- Activity
Transcribe only the lines in the data below falling between the line with "Solar Plexus Chakra Candle with Crystal" and the line with "In the invoked", including those two lines, and leave out any picture.

- Data shown
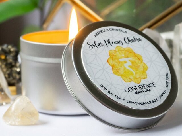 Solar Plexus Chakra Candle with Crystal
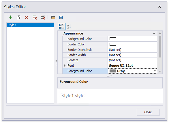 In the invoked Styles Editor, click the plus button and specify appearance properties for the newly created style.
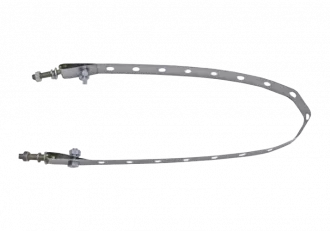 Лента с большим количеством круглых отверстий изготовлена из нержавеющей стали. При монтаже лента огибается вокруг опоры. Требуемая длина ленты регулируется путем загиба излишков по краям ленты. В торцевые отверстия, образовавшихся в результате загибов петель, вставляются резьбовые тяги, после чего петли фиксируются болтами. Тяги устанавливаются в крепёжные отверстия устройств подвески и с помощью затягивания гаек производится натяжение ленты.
--
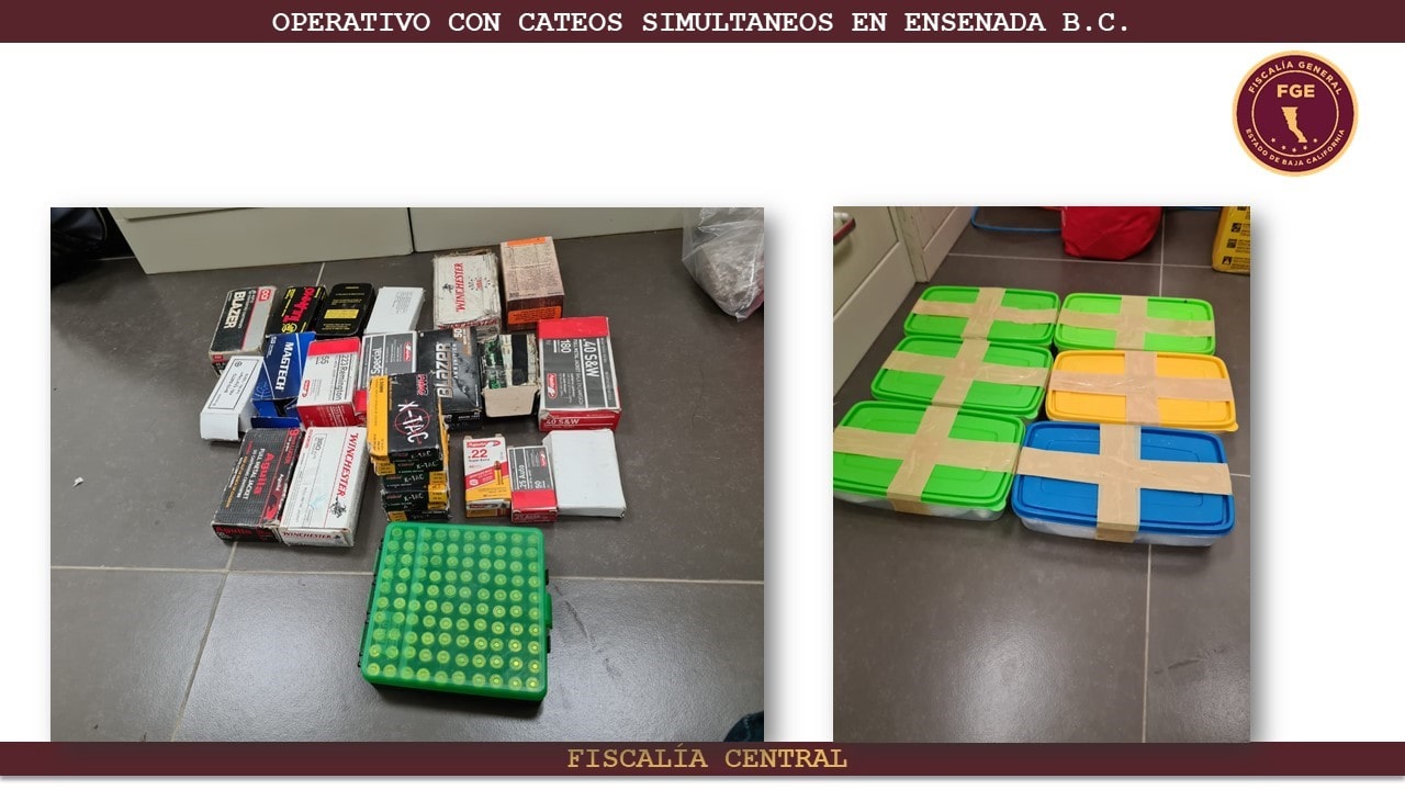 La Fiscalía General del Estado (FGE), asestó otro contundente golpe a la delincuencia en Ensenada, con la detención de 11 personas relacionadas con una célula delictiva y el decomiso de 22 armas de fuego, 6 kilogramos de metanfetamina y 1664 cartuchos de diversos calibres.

- Written response
 Solar Plexus Chakra Candle with Crystal
 In the invoked Styles Editor, click the plus button and specify appearance properties for the newly created style.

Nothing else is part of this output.